*** Data Section Begins ***
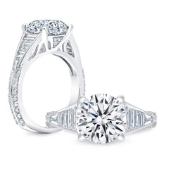 One of the most dramatic Peter Storm ring. 5 baguettes graduated to draw your eye to the center. Euroshank for comfort and balance. Comes in blue sapphire.
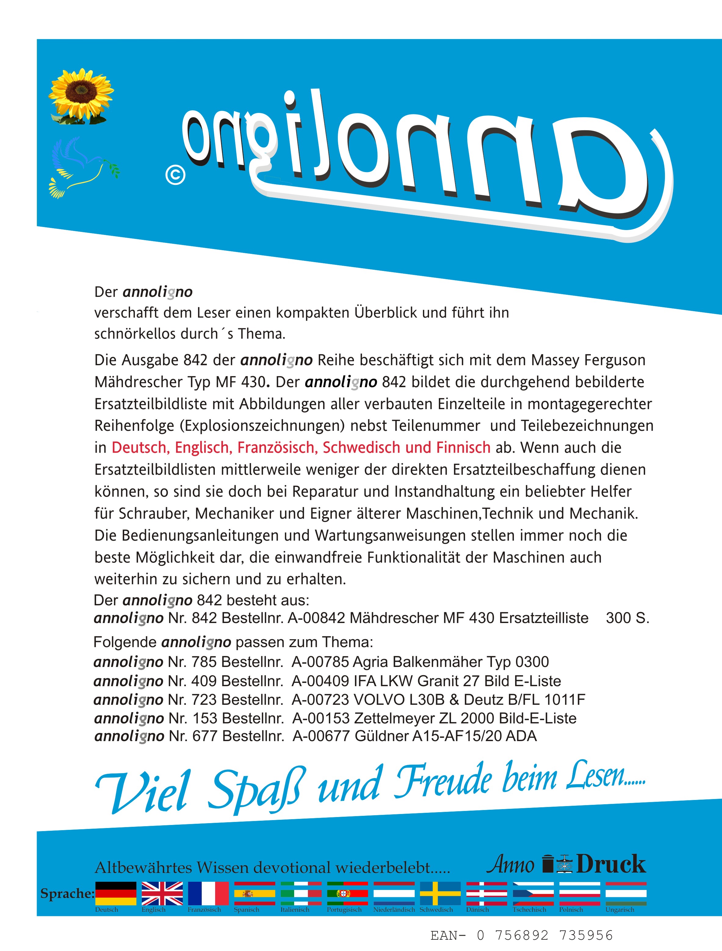 Massey Ferguson Mähdrescher Typ MF 430 Bild Ersatzteilliste mit Explosionszeichnungen in 5 Sprachen - annoligno 842
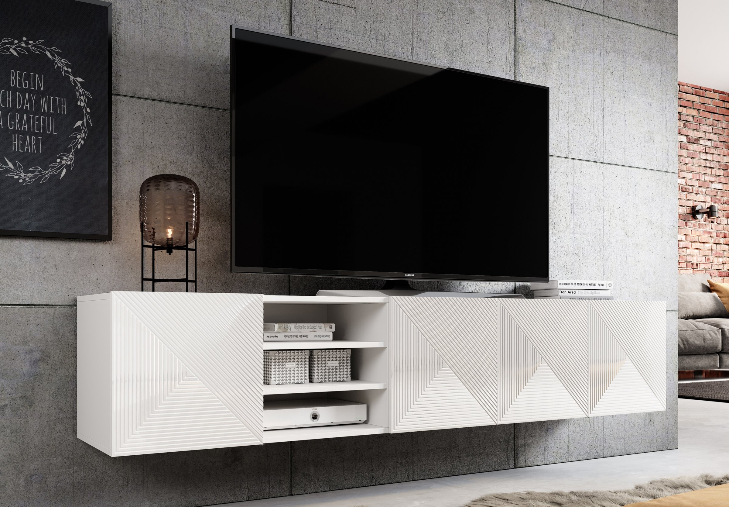Zidna TV komoda Asha 200 5D – Bogart zahvaljujući svojoj neutralnoj paleti boja odlično se uklapa s različitim materijalima i teksturama, poput drva, metala ili stakla. Može se kombinirati s visećim ormarićima ili policama iz iste serije za stvaranje cjelovite namještajne kompozicije. U otvorenim prostorima, gdje dnevni dio prelazi u blagovaonicu ili kuhinju, komoda djeluje kao povezujući element koji osigurava vizualnu cjelovitost prostora.
*** Data Section Ends ***
Task details:
Repeat exactly the lines from the one containing "Massey Ferguson Mähdrescher" to the last line of the data above, both included, and write no pictures into the copy.

Solution:
 Massey Ferguson Mähdrescher Typ MF 430 Bild Ersatzteilliste mit Explosionszeichnungen in 5 Sprachen - annoligno 842
Zidna TV komoda Asha 200 5D – Bogart zahvaljujući svojoj neutralnoj paleti boja odlično se uklapa s različitim materijalima i teksturama, poput drva, metala ili stakla. Može se kombinirati s visećim ormarićima ili policama iz iste serije za stvaranje cjelovite namještajne kompozicije. U otvorenim prostorima, gdje dnevni dio prelazi u blagovaonicu ili kuhinju, komoda djeluje kao povezujući element koji osigurava vizualnu cjelovitost prostora.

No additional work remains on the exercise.